If a woman’s purse accidently falls off the pew and spills out a gun carried for self-defense, the local pastor or priest would normally have any number of sensitive and discrete options to deal with the sticky situation. These options might range from privately asking her to exercise more care to publicly assuring the congregation that she will lock the gun in the car from now on. He can even call law enforcement and ask for assistance.

But under current law, those options can be denied. She has technically broken the law and may be fined up to $750 and be incarcerated for six months. The decision about whether or not to press these charges lies not with the local parish but with the local prosecutor. Suddenly, an indiscretion that could easily have been handled in-house can be blown out of proportion by anybody who wants to enforce the letter of the law.

As I write these words, I am remembering a group of courageous and principled Trappist monks who died as martyrs near Mt. Atlas, Algeria, in 1996. Their story is told in a beautiful movie called “Of Gods and Men.”

As a civil war swept the nation, their monastery became increasingly vulnerable to attack. Local officials begged them to leave for their own safety. The monks, out of love for the local village, refused. The Algerian government, in a final bid to keep the monks safe, wanted to station troops to protect the monastery with guns.

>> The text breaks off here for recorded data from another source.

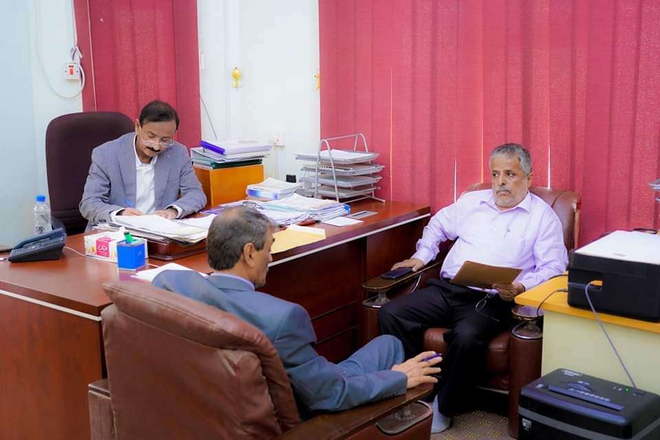 محافظ شبوة بن الوزير يناقش مع مدير عام المصائد السمكية مجمل أوضاع القطاع السمكي التقى - صباح اليوم- محافظ محافظة شبوة، رئيس المجلس المحلي عوض محمد بن الوزير، مع مدير عام المصائد ال...
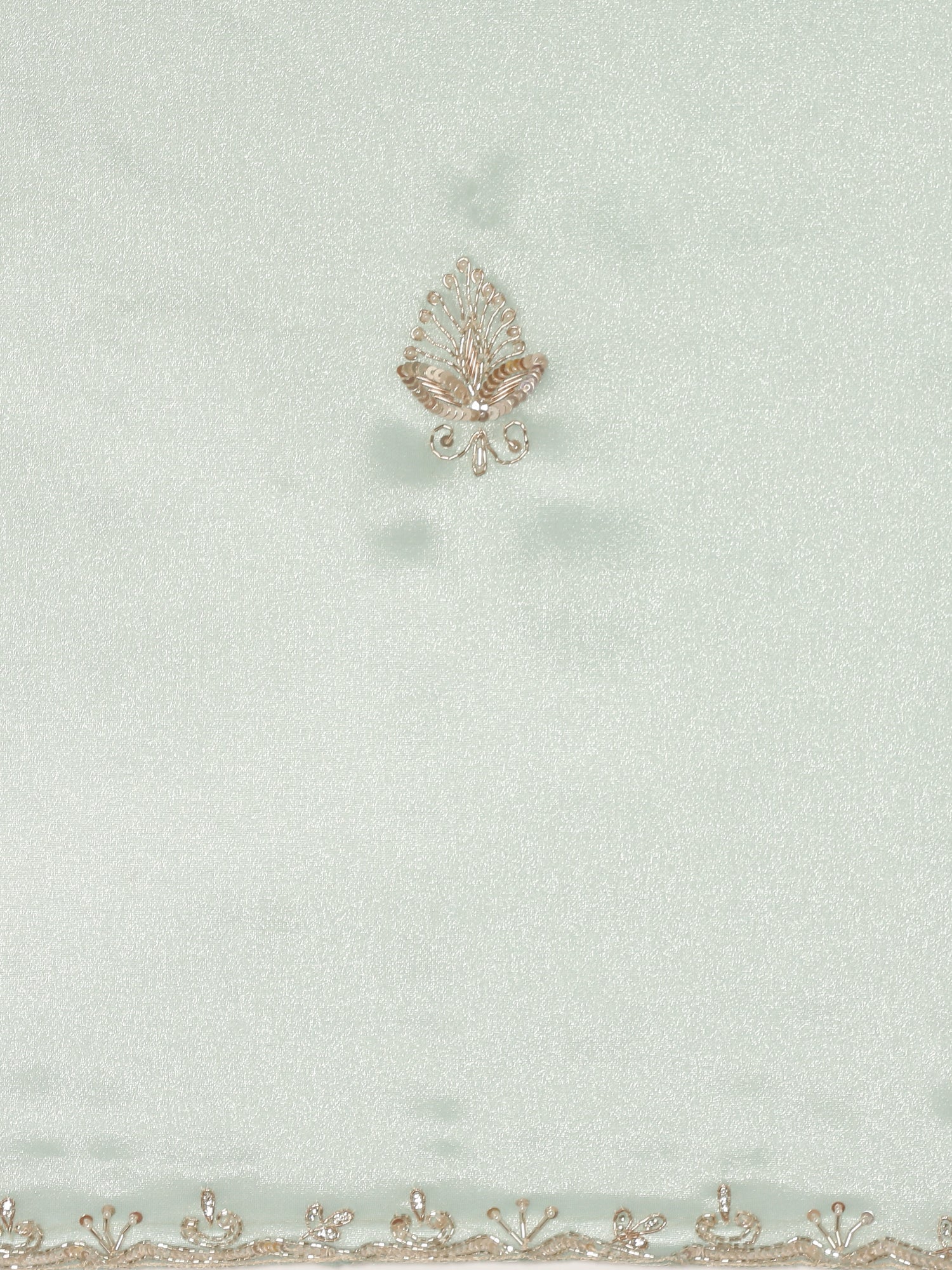 Elevate your elegance with this Blue Tissue Saree, beautifully adorned with subtle stone work that adds a refined shimmer. Paired with a meticulously crafted readymade blouse, it offers a perfect blend of tradition and convenience. Ideal for special occasions, this saree ensures a graceful drape and a sophisticated look that commands attention effortlessly.
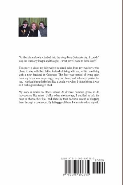 "As the plane slowly climbed into the deep blue Colorado sky, I couldn't stop the tears any longer and thought...what have I done to these kids?" This story is about my life twelve hundred miles from my two boys who chose to stay with their father instead of living with me, while I am living with a new husband in Colorado. The four year period of living apart from my boys was surprisingly easy for them, and intensely painful for me. I worked through the loss like a death, yet when I visited them, it was as if nothing had changed at all. My story is similar to others untold. As divorce numbers grow, so do moveaways like mine. Unlike other moveaways, I decided to ask the boys to choose their life, and abide by their decision instead of dragging them through a courtroom. By letting go of them, I was able to find myself.
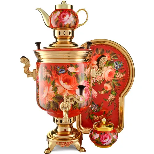 Ручки и хватки изготовлены из натурального дерева – берёзы, устойчивой к перепаду температур. Фурнитура роскошного глубокого каштанового цвета элитного красного дерева. Полностью готов к применению. Художественная роспись выполнена вручную специальными жаропрочными красками. Каждое изделие немного уникально и придает чаепитию особую красочность и даже праздничность. Сделано в Туле.

The monks refused even this.

They were kidnapped on March 27, almost 22 years ago, and beheaded on the 21st of May. The movie won the Grand Prix at the 2010 Cannes Film Festival. It powerfully illustrates both of the principles involved in HB 141.

By refusing to weaponize the monastery, the monks voluntarily applied their doctrine to the difficult situation they faced. Not all will choose their course of action, but all should have the freedom to do so.

Self-sacrificial love is a deliberate, personal choice to follow in the footsteps of God. The less it is self-consciously chosen, the less it is like Christ. Government intervention in matters pertaining to the house of God undermine faith, whether that intervention happens to agree with a person’s faith, or not.

Governor Mead’s signature on HEA 34 (HB 141) should not be understood as state approval of guns in the house of God. It is the very opposite of the state enforcing its opinion over church matters. By repealing a bad statute, it correctly renounces any state authority over otherwise-lawful activities in places of worship, and recognizes that the church, and only the church, should teach and enforce rules on church property.